REQUIREMENT –
Taking the line with "Se Adapta a la Mayoría de motores" as the first and the line with "Vor wenigen Tagen" as the last, set down the lines below exactly, pictures excluded.

RAW DATA –
"""
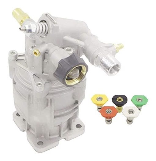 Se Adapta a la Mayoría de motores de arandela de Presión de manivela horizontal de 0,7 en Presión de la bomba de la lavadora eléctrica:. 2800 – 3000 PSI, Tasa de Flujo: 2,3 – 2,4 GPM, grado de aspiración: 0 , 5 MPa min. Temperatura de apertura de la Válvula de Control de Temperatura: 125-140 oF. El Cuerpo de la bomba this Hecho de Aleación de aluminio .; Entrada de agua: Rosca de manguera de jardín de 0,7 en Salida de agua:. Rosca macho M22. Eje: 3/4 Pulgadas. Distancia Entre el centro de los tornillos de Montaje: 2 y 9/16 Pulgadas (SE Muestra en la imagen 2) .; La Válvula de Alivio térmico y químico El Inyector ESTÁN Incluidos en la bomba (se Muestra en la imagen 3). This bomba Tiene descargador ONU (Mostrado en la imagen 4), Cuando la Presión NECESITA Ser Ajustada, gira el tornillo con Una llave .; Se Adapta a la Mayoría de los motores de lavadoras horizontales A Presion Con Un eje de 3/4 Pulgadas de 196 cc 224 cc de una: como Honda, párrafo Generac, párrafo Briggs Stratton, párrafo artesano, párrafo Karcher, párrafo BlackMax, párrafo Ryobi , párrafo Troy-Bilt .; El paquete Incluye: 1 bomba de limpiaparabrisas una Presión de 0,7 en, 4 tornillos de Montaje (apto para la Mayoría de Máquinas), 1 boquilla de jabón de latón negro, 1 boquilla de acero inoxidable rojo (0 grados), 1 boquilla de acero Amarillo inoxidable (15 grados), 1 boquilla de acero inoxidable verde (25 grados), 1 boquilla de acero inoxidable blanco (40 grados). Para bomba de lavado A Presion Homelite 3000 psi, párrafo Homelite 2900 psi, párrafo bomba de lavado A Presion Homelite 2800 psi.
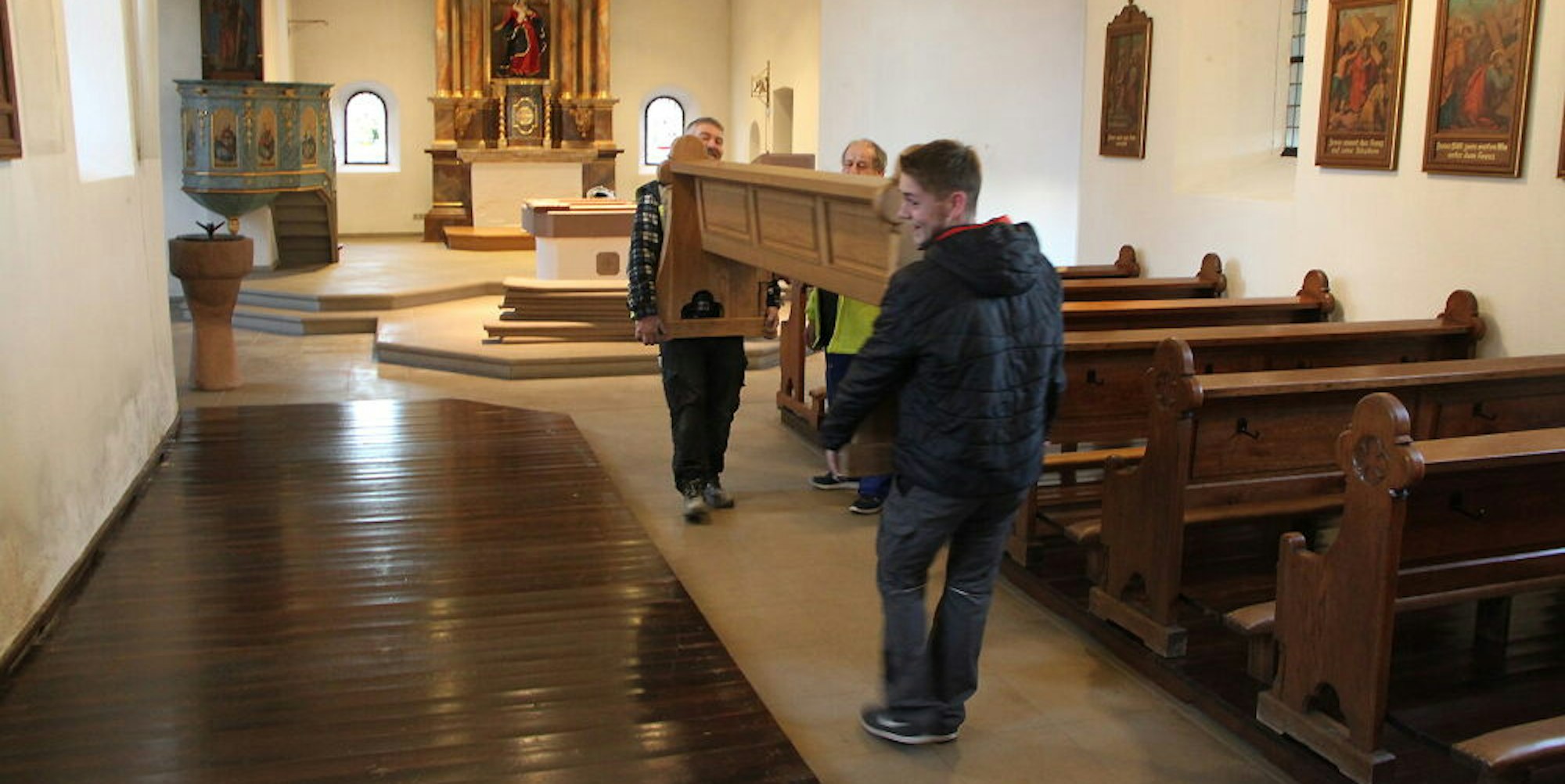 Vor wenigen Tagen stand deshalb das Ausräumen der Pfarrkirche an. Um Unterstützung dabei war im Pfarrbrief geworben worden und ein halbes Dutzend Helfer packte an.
"""
"""
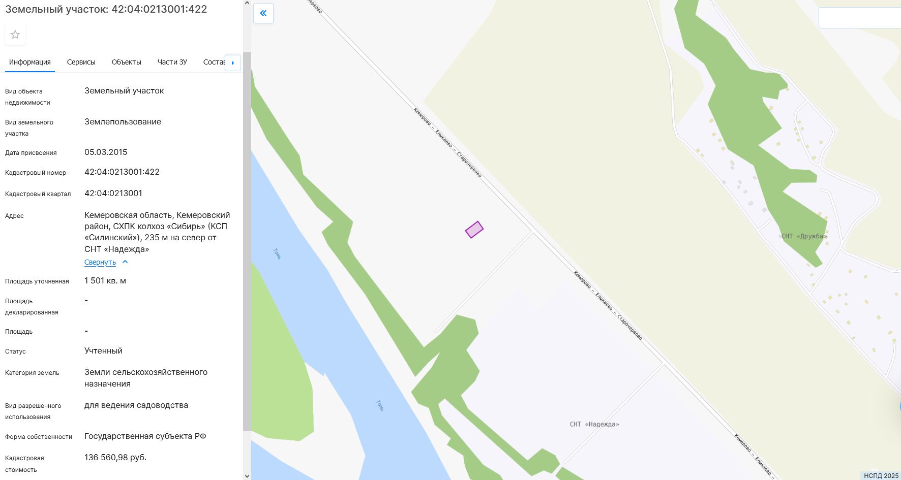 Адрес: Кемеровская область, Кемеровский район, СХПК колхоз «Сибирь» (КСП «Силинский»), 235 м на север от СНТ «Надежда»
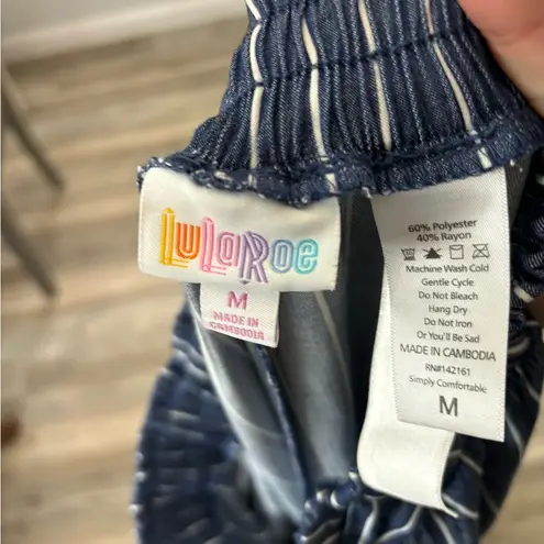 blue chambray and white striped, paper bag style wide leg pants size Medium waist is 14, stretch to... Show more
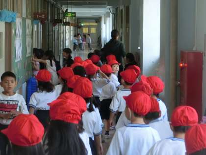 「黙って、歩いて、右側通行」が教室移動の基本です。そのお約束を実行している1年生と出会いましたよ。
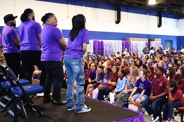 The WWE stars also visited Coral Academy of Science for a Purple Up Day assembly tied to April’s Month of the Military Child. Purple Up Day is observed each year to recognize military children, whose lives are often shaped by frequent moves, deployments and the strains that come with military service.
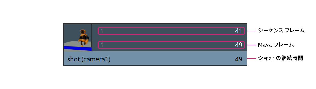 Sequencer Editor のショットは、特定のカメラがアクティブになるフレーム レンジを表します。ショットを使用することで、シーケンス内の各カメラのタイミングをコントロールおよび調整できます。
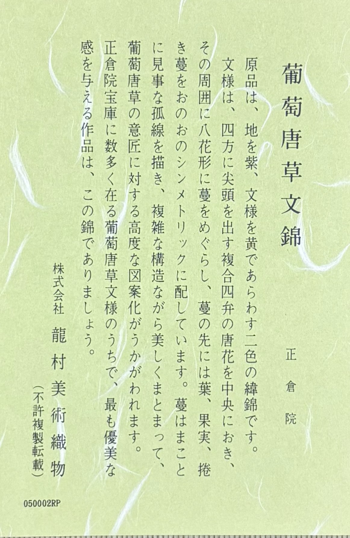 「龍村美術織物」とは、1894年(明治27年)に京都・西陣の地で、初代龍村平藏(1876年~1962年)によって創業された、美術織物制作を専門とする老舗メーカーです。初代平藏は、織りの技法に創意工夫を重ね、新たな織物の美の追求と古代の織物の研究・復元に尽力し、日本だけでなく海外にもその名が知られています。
"""
RESULT OF THIS TASK –
 Se Adapta a la Mayoría de motores de arandela de Presión de manivela horizontal de 0,7 en Presión de la bomba de la lavadora eléctrica:. 2800 – 3000 PSI, Tasa de Flujo: 2,3 – 2,4 GPM, grado de aspiración: 0 , 5 MPa min. Temperatura de apertura de la Válvula de Control de Temperatura: 125-140 oF. El Cuerpo de la bomba this Hecho de Aleación de aluminio .; Entrada de agua: Rosca de manguera de jardín de 0,7 en Salida de agua:. Rosca macho M22. Eje: 3/4 Pulgadas. Distancia Entre el centro de los tornillos de Montaje: 2 y 9/16 Pulgadas (SE Muestra en la imagen 2) .; La Válvula de Alivio térmico y químico El Inyector ESTÁN Incluidos en la bomba (se Muestra en la imagen 3). This bomba Tiene descargador ONU (Mostrado en la imagen 4), Cuando la Presión NECESITA Ser Ajustada, gira el tornillo con Una llave .; Se Adapta a la Mayoría de los motores de lavadoras horizontales A Presion Con Un eje de 3/4 Pulgadas de 196 cc 224 cc de una: como Honda, párrafo Generac, párrafo Briggs Stratton, párrafo artesano, párrafo Karcher, párrafo BlackMax, párrafo Ryobi , párrafo Troy-Bilt .; El paquete Incluye: 1 bomba de limpiaparabrisas una Presión de 0,7 en, 4 tornillos de Montaje (apto para la Mayoría de Máquinas), 1 boquilla de jabón de latón negro, 1 boquilla de acero inoxidable rojo (0 grados), 1 boquilla de acero Amarillo inoxidable (15 grados), 1 boquilla de acero inoxidable verde (25 grados), 1 boquilla de acero inoxidable blanco (40 grados). Para bomba de lavado A Presion Homelite 3000 psi, párrafo Homelite 2900 psi, párrafo bomba de lavado A Presion Homelite 2800 psi.
 Vor wenigen Tagen stand deshalb das Ausräumen der Pfarrkirche an. Um Unterstützung dabei war im Pfarrbrief geworben worden und ein halbes Dutzend Helfer packte an.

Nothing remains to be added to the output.